I should like to conclude this review with a rather searching question. He rightly points to the deplorable conditions of blacks that, at this point in time, still exist throughout the United States. And he blames those conditions on racism in various forms. Lyons is ever so majestic in his account that the United States owes much to blacks for the wrongs inflicted upon blacks for centuries up to the present. My worry, though, is whether blacks may have unwittingly internalized a less than favorable conception than is justified of what blacks can and should do. I have this worry because even with the concession that Lyons is right and much remains to be done in order to combat the serious forms of racism that still exist, there is the profound truth that many blacks are now in the position to make a remarkable and ever so positive difference in the lives of black people, as I shall illustrate with one telling example.

In recent years, numerous "mom and pop" stores owned by non-black immigrants have opened up across the United States in numerous black neighborhoods.
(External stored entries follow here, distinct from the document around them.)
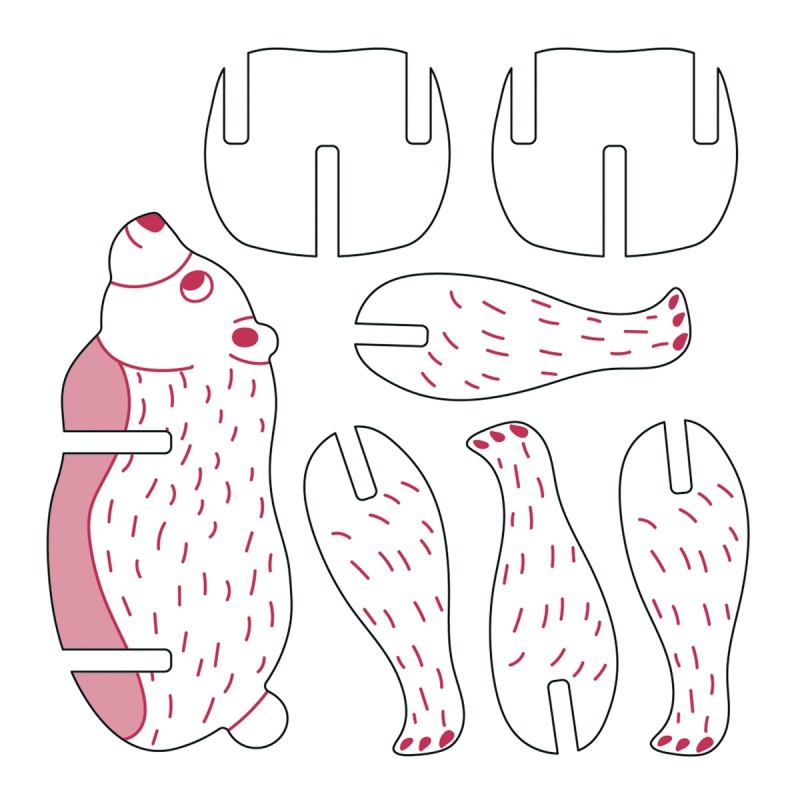 - zestaw 3D:14 części, naklejki 38szt, puzzle 3szt, kredki woskowe 6szt, pieczątki 2szt
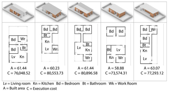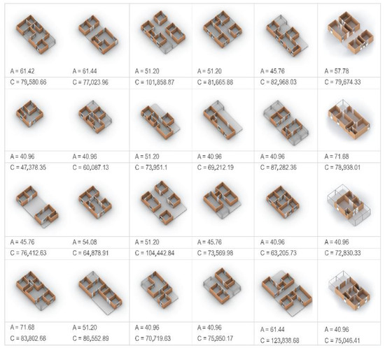 An array of MC housing design solutions using the developed model. A = constructed area of projects in m2; C = construction cost estimate, based on SINAPI references in BRL currency. Source: authors.
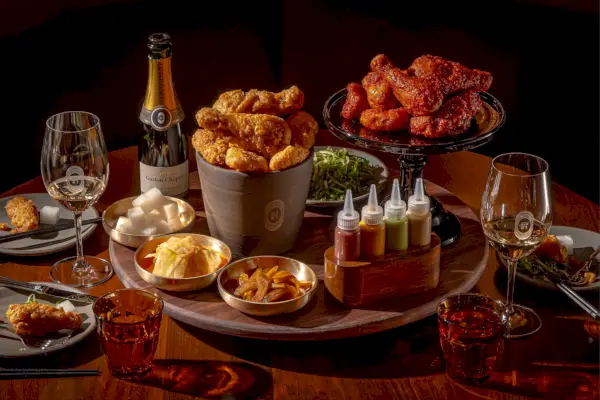 Coqodaq, joka tarjoilee 38 dollarin ämpäri-aterian, joka sisältää consomméa, banchania, kylmiä nuudeleita ja pakastejogurttia, jossa on kauden hedelmiä, antaa korealaisen käänteen paistettuun kanaan. Alkuperäisen Coqodaq-maun lisäksi tarjolla on umami-rikas soijakastike-valkosipulikuorrutus tai mausteinen gochujang-kuorrutus.
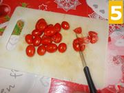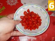 Intanto che i pistacchi si raffreddano, iniziate a trattare i pomodorini pachino, lavandoli bene (4) sotto l'acqua corrente. Quindi metteteli sul tagliere e tagliateli (5) in due, o quattro parti, se molto grossi. Quindi mettete tutto in una ciotolina a parte (6) e continuate la ricetta.
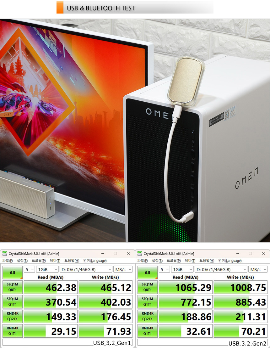 PC 전면에 USB 3.2 Gen2 단자를 지원해 빠른 데이터 전송이 가능하다. 상단의 사진은 USB 3.2 지원 외장 SSD를 이용해 속도 테스트를 진행하고 있는 모습으로 USB 3.2 Gen1과 확연히 비교되는 빠른 속도를 보여주었다.
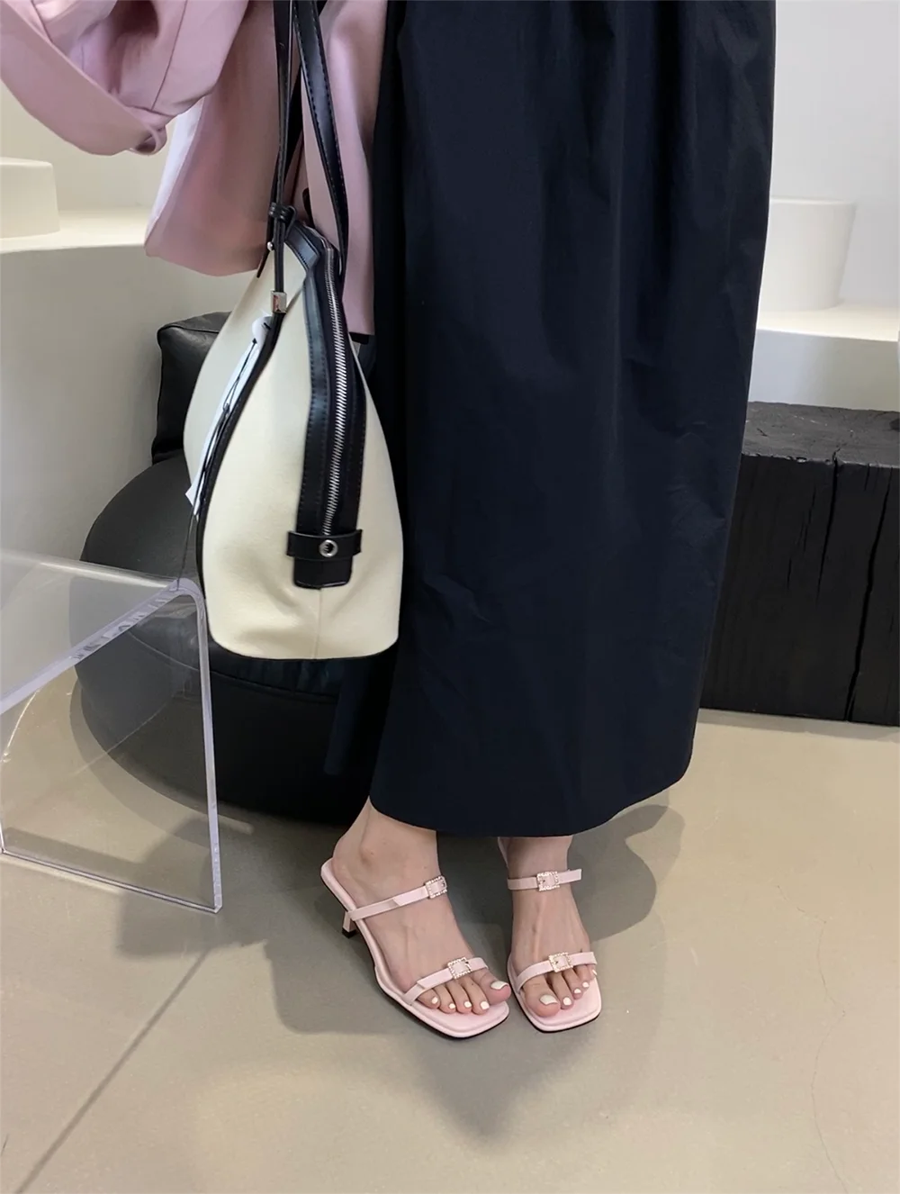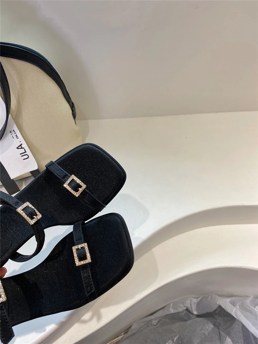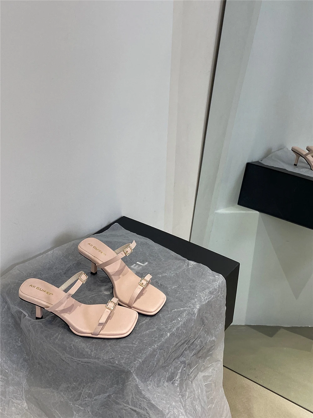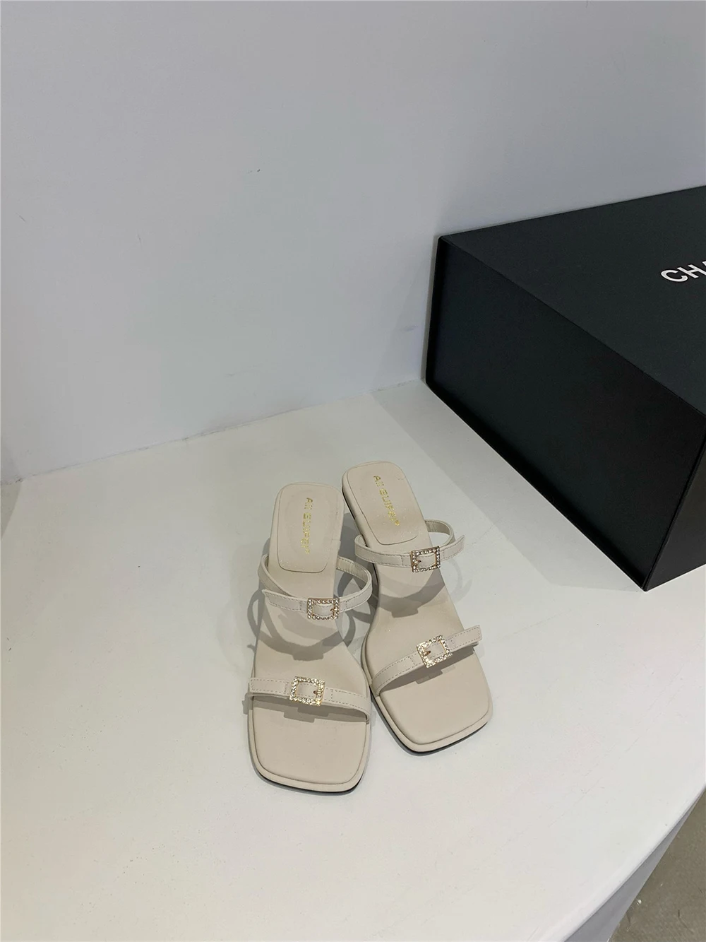 LBSFY - Fashion Women Sandals Open Toe Belt Buckle Summer Thin High Heels Party Wedding Slides Slippers Dress Shoes Woman Size 35-40

Although in many cases these storeowners can barely speak English, there is the poignant fact that owing to the large number of black customers who frequent the stores these owners are running a quite profitable business even though the owners typically have little formal education. Well, at this point in the history of America what good explanation can there possibly be for why blacks do not own such stores in their very own neighborhoods? Indeed, if one black is not financially in the position to set up a "mom and pop" store, then two or three blacks could do so jointly. Banks are quite willing to lend the money for such an endeavor. In fact, rap artists could sponsor such endeavors; and so there could be the Rap Artist Mom and Pop Store in this or that neighborhood. In terms of the good that these "mom and pop" stores would accomplish, the black storeowners would, among other things, be setting a marvelous example for black youth in the community, all the while commanding the respect of whites throughout the United States. So a very simple question that mightily presents itself, to wit, is: why is it that black owned "mom and pop" stores are not at all common in black neighborhoods?
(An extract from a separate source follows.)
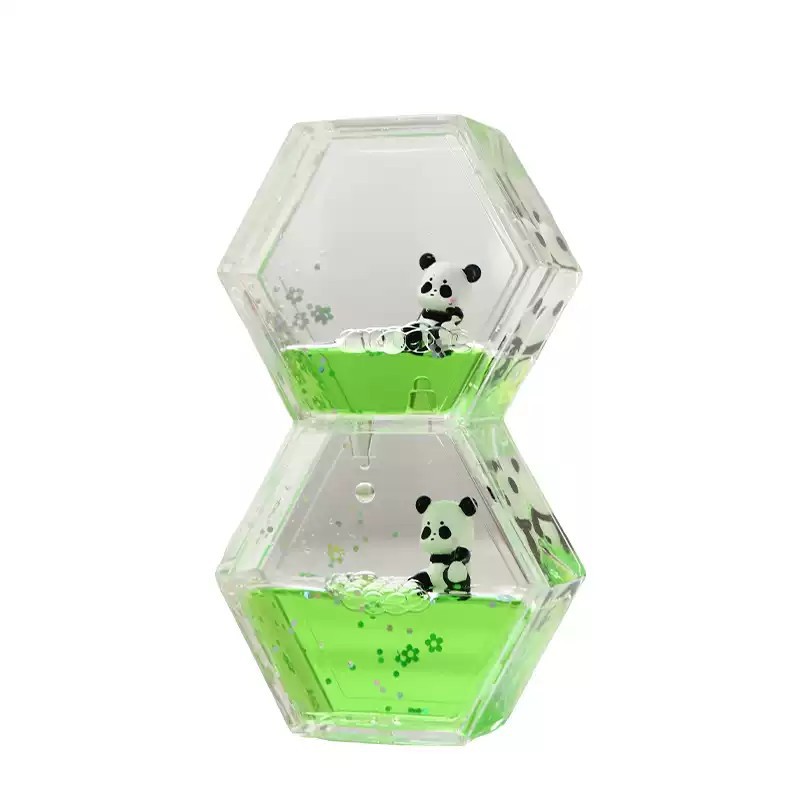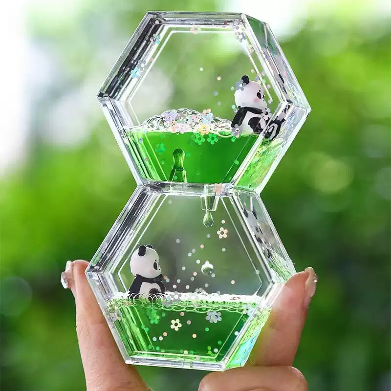 创意油滴沙漏计时器儿童熊猫流沙瓶工位解压情绪稳定治愈桌面摆件

I do not have an answer to the question that I have raised. But I wonder whether or not Lyons would hold the view that centuries of racism against blacks in the United States have taken their toll upon the psychological well-being of black people. And the fact that I should find myself asking that question for the very first time speaks to the tremendous intellectual power and insightfulness, as well as marvelous honesty of thought, on the part of Lyons in Confronting Injustice.


[2] Behavioral and Brain Sciences (2011) v. 34. 

[3] See Condorcet, Réflexions sur l'esclavage des nègres (1781), (Paris: GF Flammerion 2009), ch. 2, Raisons dont on se sert pour excuser del'esclavage des nègres (Reasons that were given as an excuse for the enslavement of negroes.)